■ **What the task asks**: Your response to the data below should hold nothing except the lines from the one containing "Čerstvý vzduch volně" down to the one containing "Lange Spaziergänge macht", reproduced exactly and without pictures.

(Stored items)
* * * *
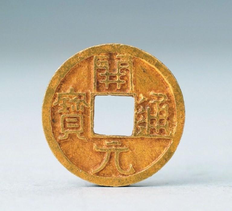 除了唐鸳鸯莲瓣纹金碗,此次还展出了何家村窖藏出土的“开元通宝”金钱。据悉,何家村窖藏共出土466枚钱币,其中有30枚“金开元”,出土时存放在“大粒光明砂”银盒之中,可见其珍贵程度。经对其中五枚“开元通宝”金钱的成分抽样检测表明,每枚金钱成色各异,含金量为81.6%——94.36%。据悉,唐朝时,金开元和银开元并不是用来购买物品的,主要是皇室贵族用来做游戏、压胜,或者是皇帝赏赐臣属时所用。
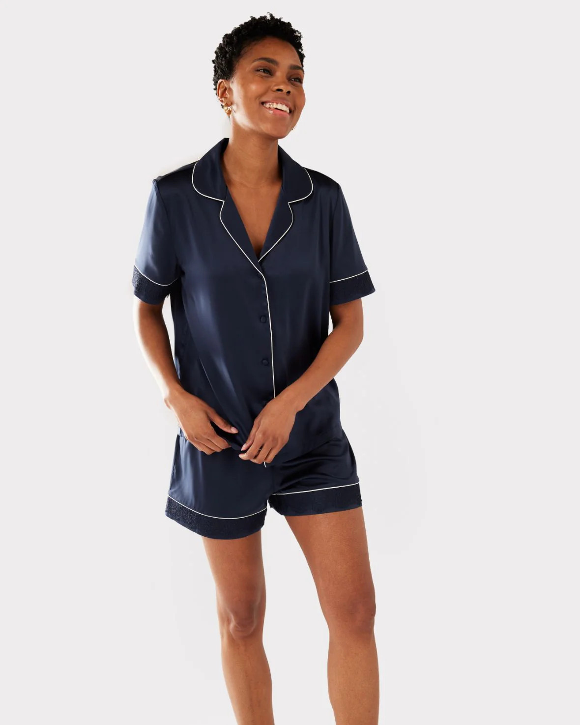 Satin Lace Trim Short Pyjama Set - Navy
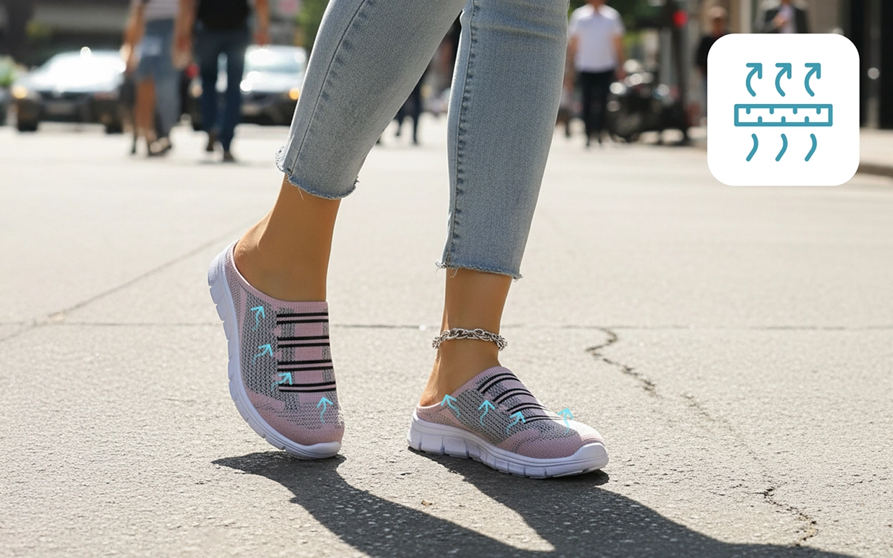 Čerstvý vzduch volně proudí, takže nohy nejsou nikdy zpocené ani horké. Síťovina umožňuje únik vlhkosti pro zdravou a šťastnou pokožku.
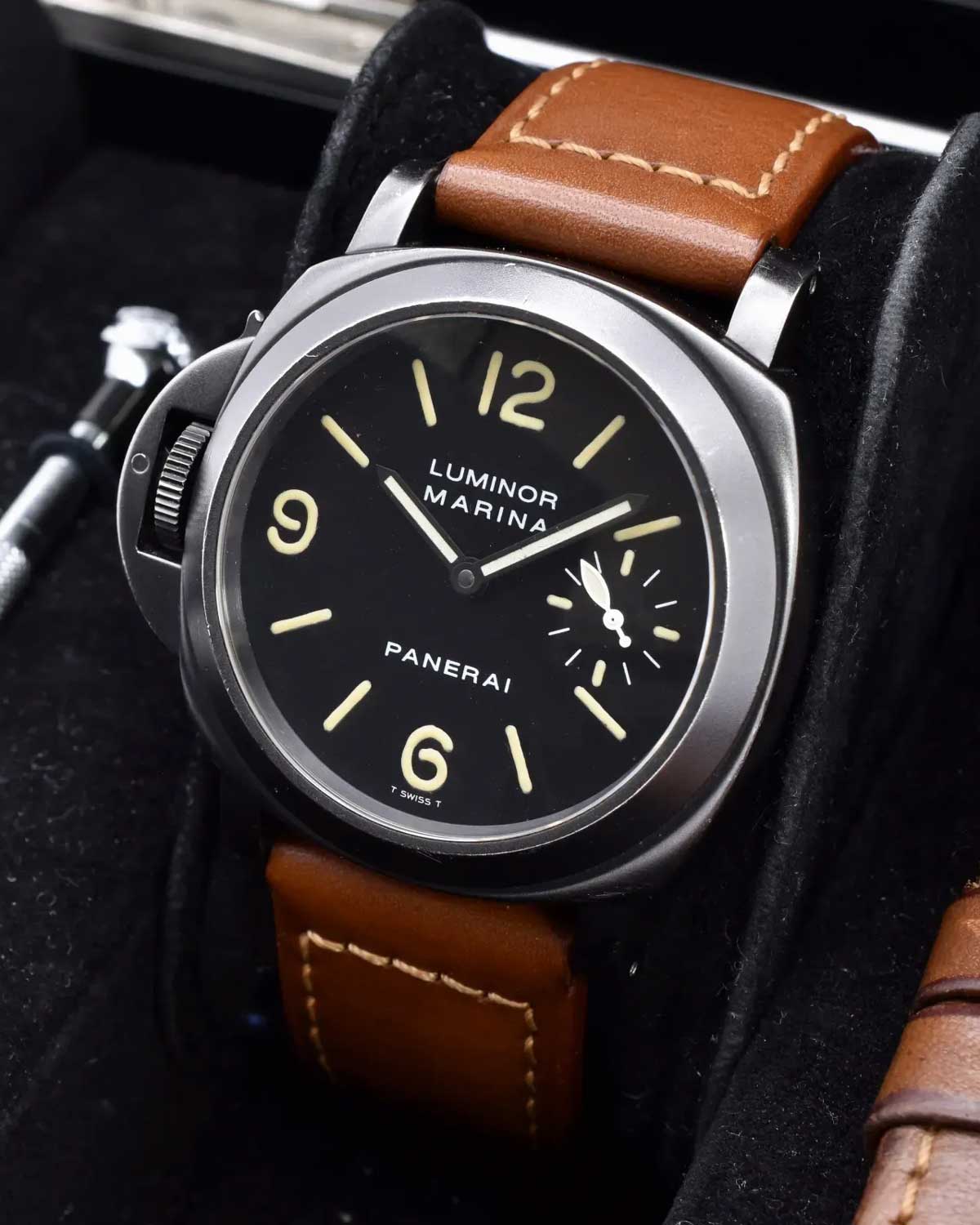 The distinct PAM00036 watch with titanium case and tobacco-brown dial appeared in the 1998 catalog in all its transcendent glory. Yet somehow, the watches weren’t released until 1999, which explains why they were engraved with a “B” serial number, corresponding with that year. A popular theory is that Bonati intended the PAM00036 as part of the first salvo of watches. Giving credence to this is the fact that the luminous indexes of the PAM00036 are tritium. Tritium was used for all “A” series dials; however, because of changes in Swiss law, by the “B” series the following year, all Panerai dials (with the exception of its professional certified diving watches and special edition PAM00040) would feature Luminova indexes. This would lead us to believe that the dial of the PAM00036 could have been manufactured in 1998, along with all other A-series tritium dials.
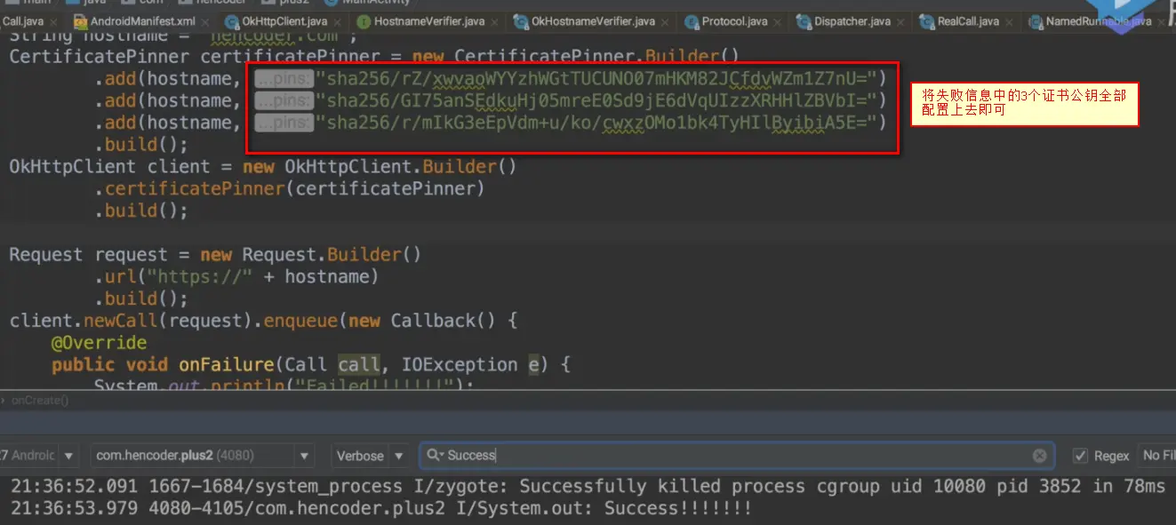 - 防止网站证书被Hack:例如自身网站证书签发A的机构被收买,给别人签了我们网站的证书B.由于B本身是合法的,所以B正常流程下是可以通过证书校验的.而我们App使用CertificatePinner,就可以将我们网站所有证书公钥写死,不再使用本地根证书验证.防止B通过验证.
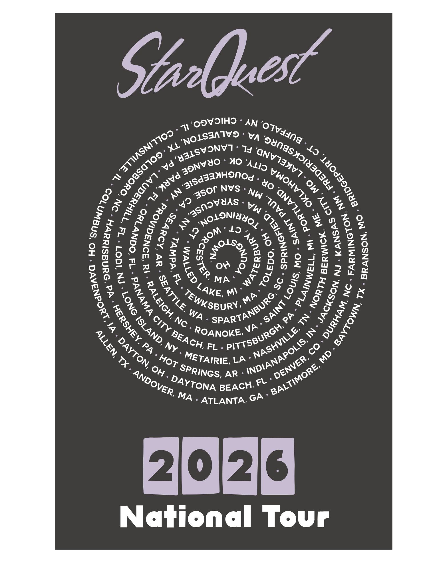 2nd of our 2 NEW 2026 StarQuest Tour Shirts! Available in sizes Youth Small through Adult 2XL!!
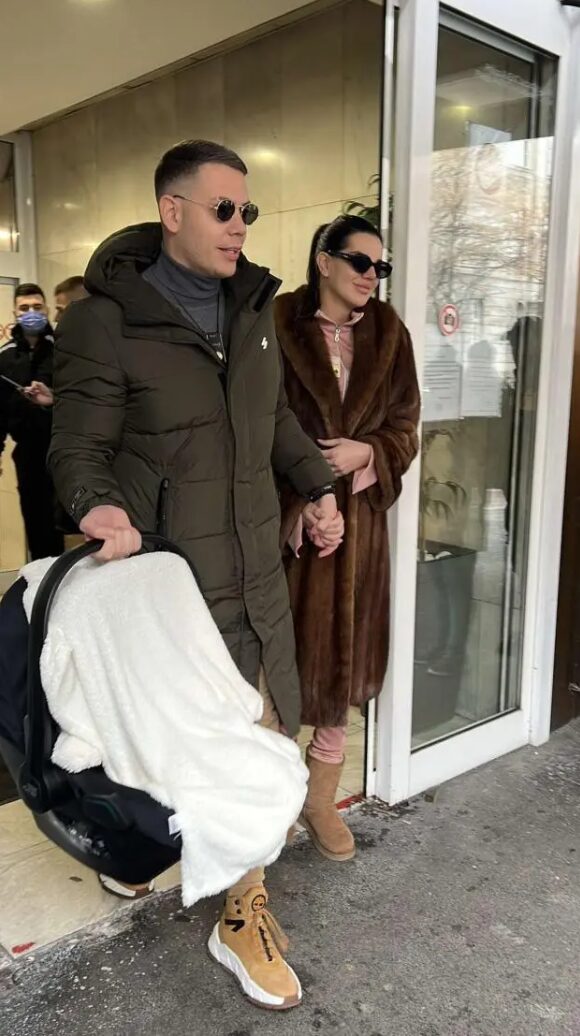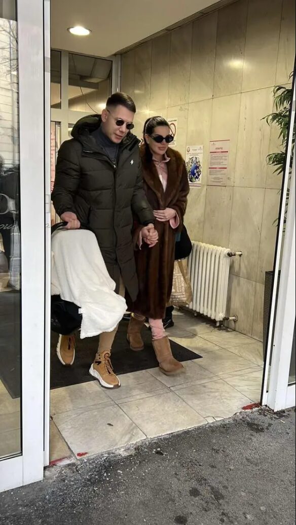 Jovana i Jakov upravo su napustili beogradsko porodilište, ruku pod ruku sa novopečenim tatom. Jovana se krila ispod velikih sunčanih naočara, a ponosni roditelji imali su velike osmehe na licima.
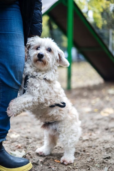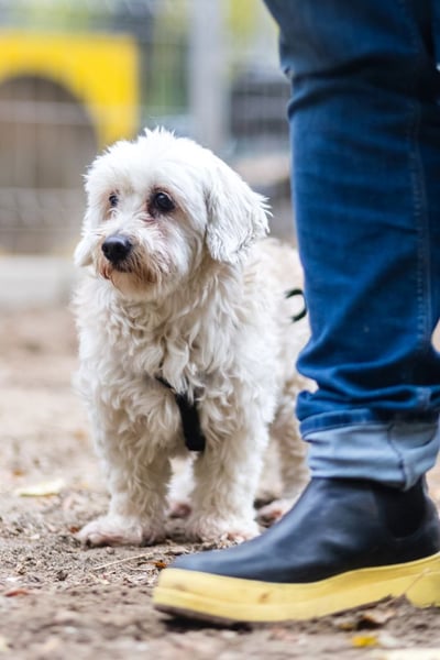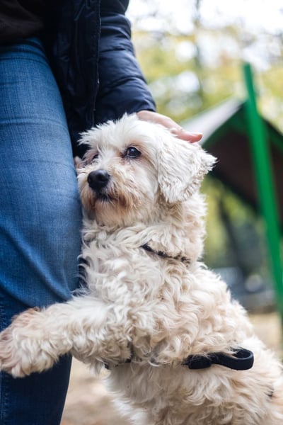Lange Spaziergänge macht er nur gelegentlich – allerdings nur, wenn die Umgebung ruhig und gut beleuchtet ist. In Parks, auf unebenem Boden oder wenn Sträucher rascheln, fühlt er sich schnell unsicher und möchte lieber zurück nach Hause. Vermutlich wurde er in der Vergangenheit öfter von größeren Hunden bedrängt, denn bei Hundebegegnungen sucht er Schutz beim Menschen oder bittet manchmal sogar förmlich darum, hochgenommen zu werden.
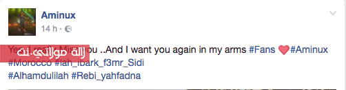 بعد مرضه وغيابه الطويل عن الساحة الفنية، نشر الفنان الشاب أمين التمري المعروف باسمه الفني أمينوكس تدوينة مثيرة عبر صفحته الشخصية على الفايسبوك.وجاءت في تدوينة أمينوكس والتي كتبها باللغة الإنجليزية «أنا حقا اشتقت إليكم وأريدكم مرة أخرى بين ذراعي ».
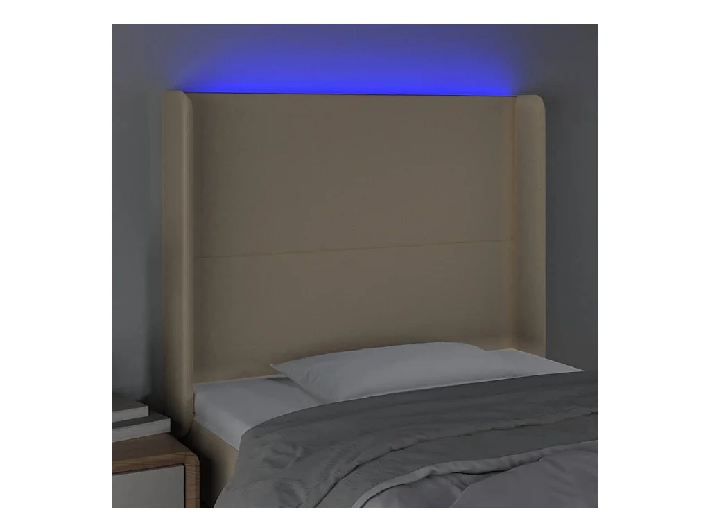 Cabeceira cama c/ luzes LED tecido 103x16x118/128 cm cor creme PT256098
* * * *
■ **Solution to this exercise**:
 Čerstvý vzduch volně proudí, takže nohy nejsou nikdy zpocené ani horké. Síťovina umožňuje únik vlhkosti pro zdravou a šťastnou pokožku.
 The distinct PAM00036 watch with titanium case and tobacco-brown dial appeared in the 1998 catalog in all its transcendent glory. Yet somehow, the watches weren’t released until 1999, which explains why they were engraved with a “B” serial number, corresponding with that year. A popular theory is that Bonati intended the PAM00036 as part of the first salvo of watches. Giving credence to this is the fact that the luminous indexes of the PAM00036 are tritium. Tritium was used for all “A” series dials; however, because of changes in Swiss law, by the “B” series the following year, all Panerai dials (with the exception of its professional certified diving watches and special edition PAM00040) would feature Luminova indexes. This would lead us to believe that the dial of the PAM00036 could have been manufactured in 1998, along with all other A-series tritium dials.
 - 防止网站证书被Hack:例如自身网站证书签发A的机构被收买,给别人签了我们网站的证书B.由于B本身是合法的,所以B正常流程下是可以通过证书校验的.而我们App使用CertificatePinner,就可以将我们网站所有证书公钥写死,不再使用本地根证书验证.防止B通过验证.
 2nd of our 2 NEW 2026 StarQuest Tour Shirts! Available in sizes Youth Small through Adult 2XL!!
 Jovana i Jakov upravo su napustili beogradsko porodilište, ruku pod ruku sa novopečenim tatom. Jovana se krila ispod velikih sunčanih naočara, a ponosni roditelji imali su velike osmehe na licima.
Lange Spaziergänge macht er nur gelegentlich – allerdings nur, wenn die Umgebung ruhig und gut beleuchtet ist. In Parks, auf unebenem Boden oder wenn Sträucher rascheln, fühlt er sich schnell unsicher und möchte lieber zurück nach Hause. Vermutlich wurde er in der Vergangenheit öfter von größeren Hunden bedrängt, denn bei Hundebegegnungen sucht er Schutz beim Menschen oder bittet manchmal sogar förmlich darum, hochgenommen zu werden.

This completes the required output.